Гибель красных моисеев. Начало террора, 1918 год - страница 168

Шрифт
Интервал

стр.

.

Произошло это недалеко от Мраморного дворца, возле дома № 17 по левой стороне Миллионной, где располагался Английский клуб…

Момент падения с велосипеда, а главное панику, охватившую его, Леонид Каннегисер переживал потом мучительно и долго. Уже оказавшись в тюрьме, более всего он стыдился этой растерянности, страха, которому позволил восторжествовать над собой.

Не помня себя, он позвонил в первую попавшуюся квартиру, умоляя спрятать его. Когда его не пустили, бросился к другой квартире, где дверь была приоткрыта, оттолкнул горничную и, ворвавшись в комнату, схватил с вешалки пальто, а потом, натягивая его поверх тужурки, снова выбежал на лестницу. Но с улицы уже заходили в подъезд солдаты, и, выстрелив в них, Леонид бросился по лестнице наверх.
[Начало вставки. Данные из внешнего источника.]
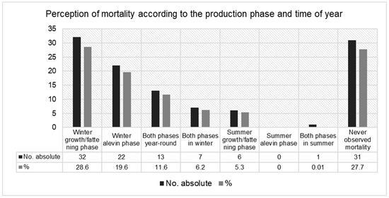 Figure 2. Perception of mortality of the tilapia farmers participating in the study presented by absolute number and percentage.

В панике и растерянности, охватившей Леонида, ничего удивительного нет.

Он не был профессиональным убийцей.

Нервы его были напряжены уже и в вестибюле дворца Росси, а что говорить, когда, свалившись с велосипеда, он понял, что рушится разработанный план побега и через минуту-две он окажется в руках солдат-охранников.

Столь подробно останавливаюсь я на этом эпизоде только для того, чтобы показать, какой изумительной силой воли обладал этот юноша. Ведь, вбежав по лестнице наверх, отрезанный ворвавшимися в парадное охранниками, он все же сумел взять себя в руки и еще раз продемонстрировать завидную выдержку.

Впрочем, лучше, если об этом расскажет непосредственный участник событий, охранник Викентий Францевич Сингайло.

«Мы сделали из моей шинели чучело и поставили его на подъемную машину и подняли вверх, думая, чтобы убийца расстрелял скорее патроны… Но когда лифт был спущен обратно, моей шинели и чучела уже не было там. В это же время по лестнице спускался человек, который говорил, что убийца поднялся выше. Я заметил, что шинель на человеке моя, и, дав ему поравняться со мною, схватил его сзади за руки, а находившиеся тут же мои товарищи помогли»>{295}

Увы…

Уйти Леониду не удалось, но какое поразительное хладнокровие и бесстрашие нужно иметь, чтобы за короткие мгновения побороть растерянность, тут же оценить ситуацию, вытащить из лифта чучело, натянуть на себя шинель и спокойно спуститься вниз…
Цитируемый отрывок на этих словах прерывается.